5. Run the Dedicated Agent¶
Load the configuration and invoke via the SDK:
import asyncio
from pathlib import Path
from dataagent.interface.sdk.agent import DataAgent
async def main():
project_dir = Path(__file__).resolve().parents[2]
config_path = project_dir / "dataagent" / "agents" / "nl2sql" / "nl2sql_agent.yaml"
agent = DataAgent.from_config(config_path)
result = await agent.chat("每月订单量是多少")
print(result)
if __name__ == "__main__":
asyncio.run(main())
The repository also provides an end-to-end script:
uv run tests/e2e/test_nl2sql.py
If you use your own YAML, point config_path in the script to your config file.
6. Inspect Results¶
agent.chat() returns the final state. When debugging NL2SQL, check these fields first:
| Field | Description |
|---|---|
messages |
Message stream and final answer. |
sql |
Selected final SQL. |
columns / rows / rows_preview |
Result columns, full rows, and preview rows. |
generation_results |
Candidate SQL generation output. |
validation_results |
SQL validation output. |
execution_results |
SQL execution output. |
confidence |
Confidence score from the Selector. |
If results are empty, determine whether SQL was not generated, execution failed, or the database has no matching rows.
7. Common Issues¶
7.1 Model API key not loaded¶
Check that .env exists in the runtime directory and variable names match provider. For example provider: "bailian" reads BAILIAN_BASE_URL and BAILIAN_API_KEY.
7.2 SQLite file not found¶
Use an absolute path in DATABASE.config.path. Relative paths follow the current working directory when you run the command.
7.3 MetaVisor connection failure¶
Use curl to verify METAVISOR.metavisor_url, then confirm DATABASE.db_id metadata is imported into MetaVisor. See Semantic Service Deployment Guide for deployment, initialization, and import.
7.4 Generated SQL does not match business definitions¶
Make the user question more explicit: entity definitions, metric formulas, filters, grain, and sort order.
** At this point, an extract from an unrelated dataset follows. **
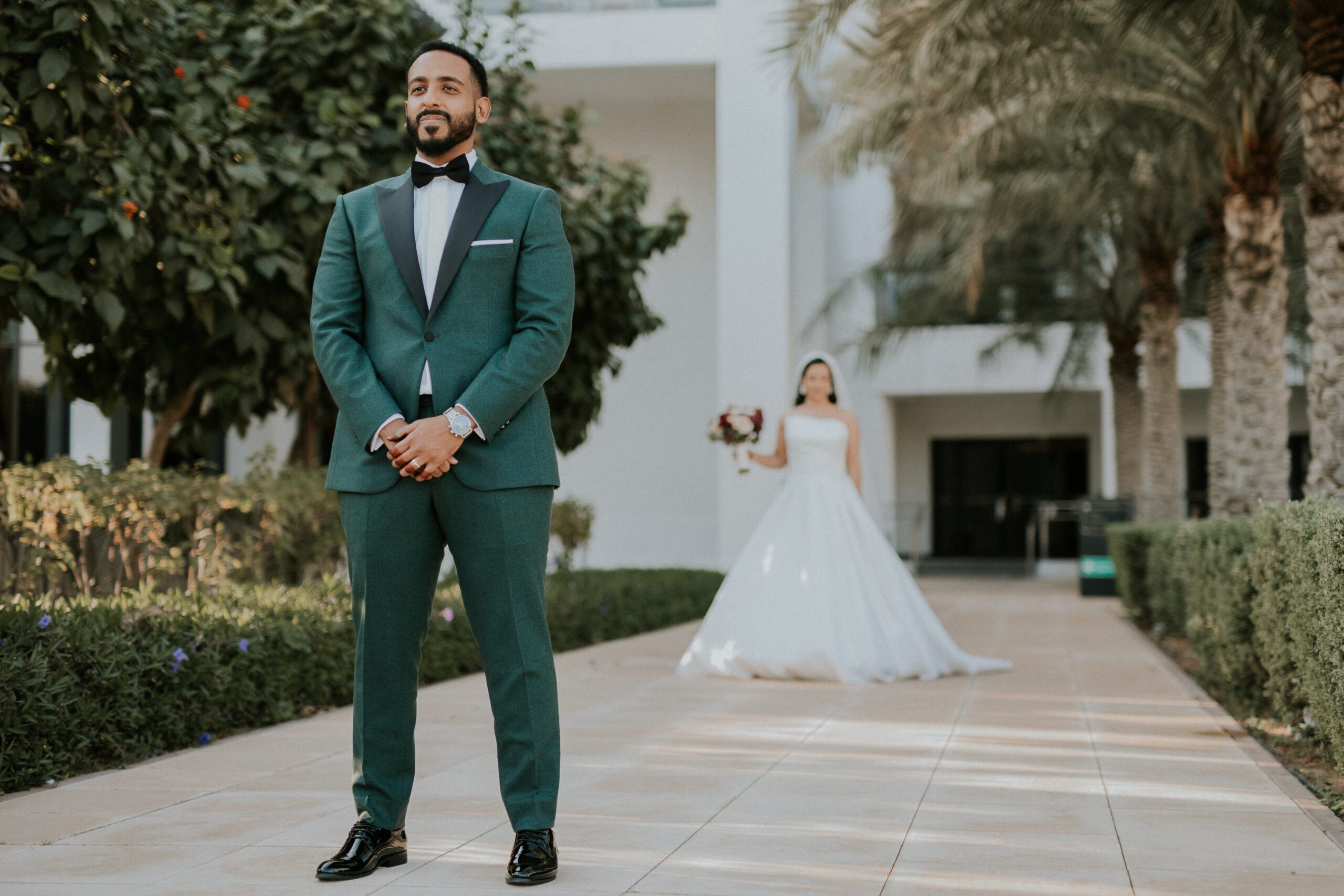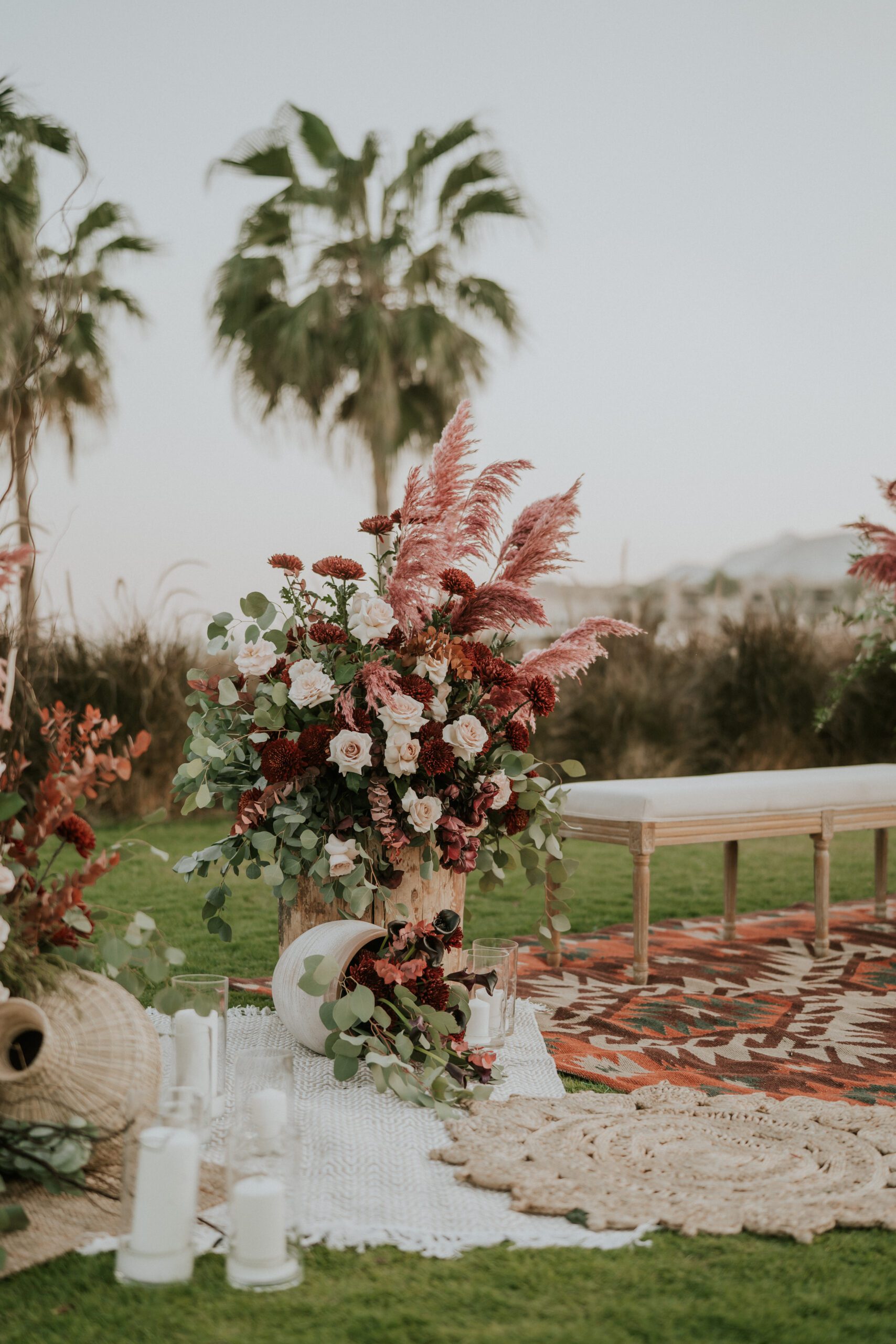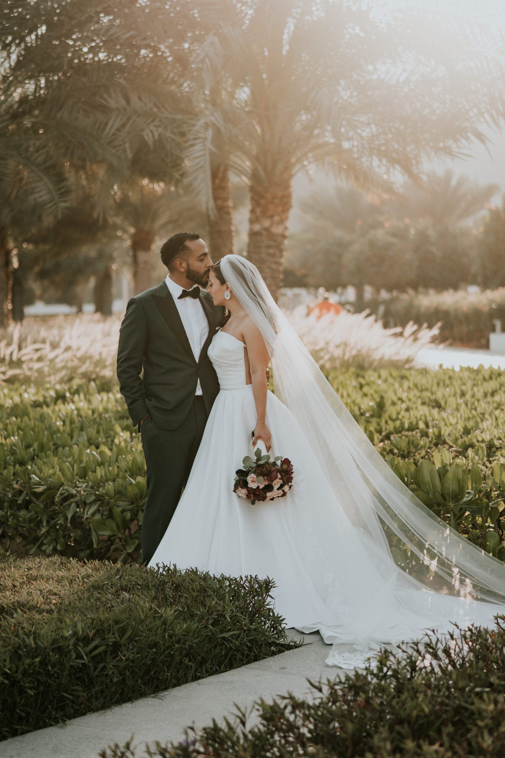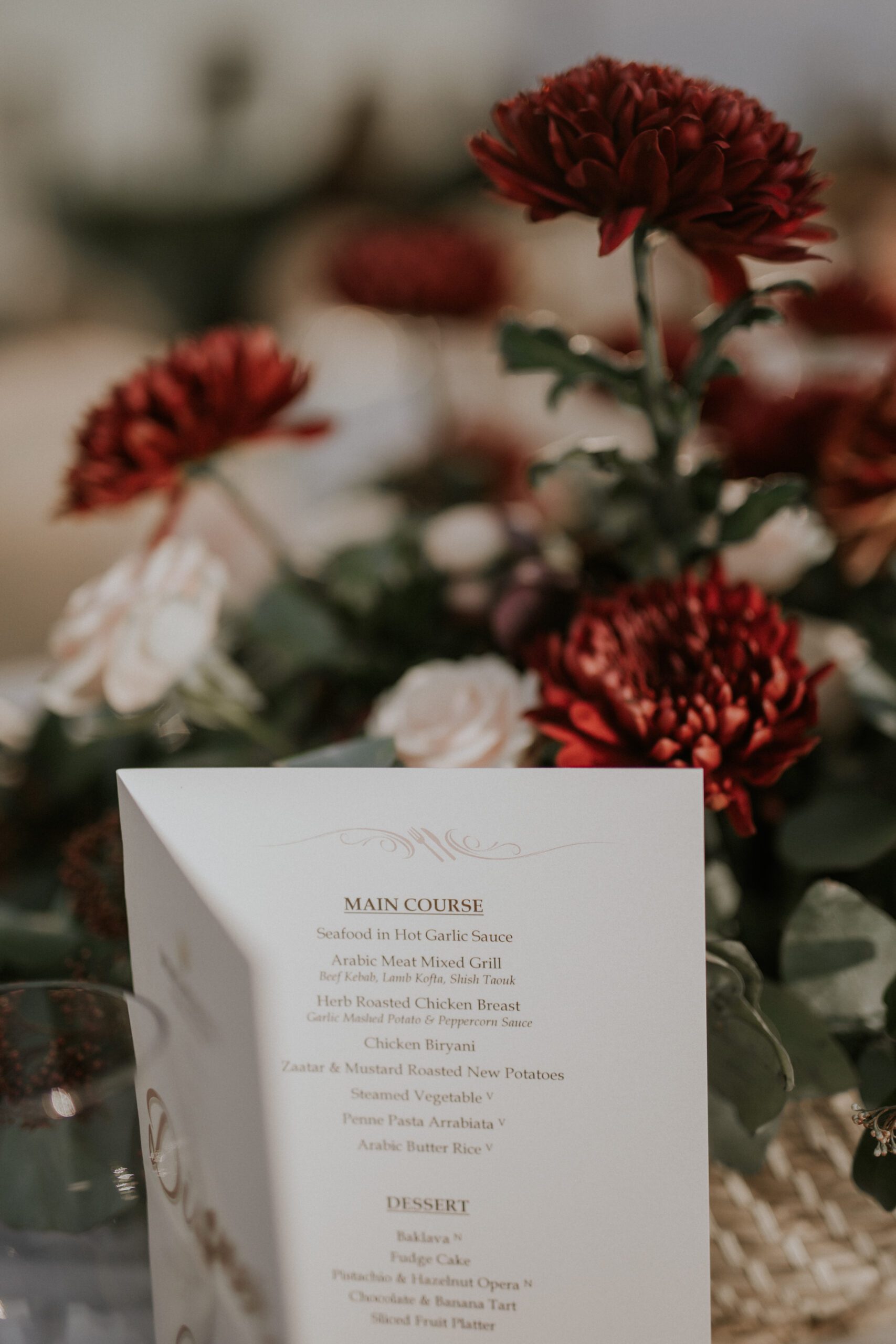 A beautiful Sudani-Algerian wedding that seamlessly blended both cultures and traditions. Set by the beach in Fujairah, the intimate celebration was surrounded by the soothing sound of waves and palm trees. Thoughtful details included clay vases paired with rich burgundy florals, honey jars as guest giveaways, and an array of delicious wedding cakes — a truly unique and heartfelt celebration.

The NL2SQL Agent handles clear query intent; it cannot infer missing business rules for the user.
8. Summary¶
Essentials for a dedicated NL2SQL Agent:
- Set
AGENT_CONFIG.typetonl2sql. - Point
DATABASEat the real business database. - Point
METAVISORat Semantic Service with metadata imported. - Phrase user questions with clear business objects, metric definitions, and query conditions.
When a main Agent must plan tasks, organize reports, and query the database on demand, do not fold that logic into a dedicated NL2SQL Agent—use the main Agent with an NL2SQL sub-Agent instead.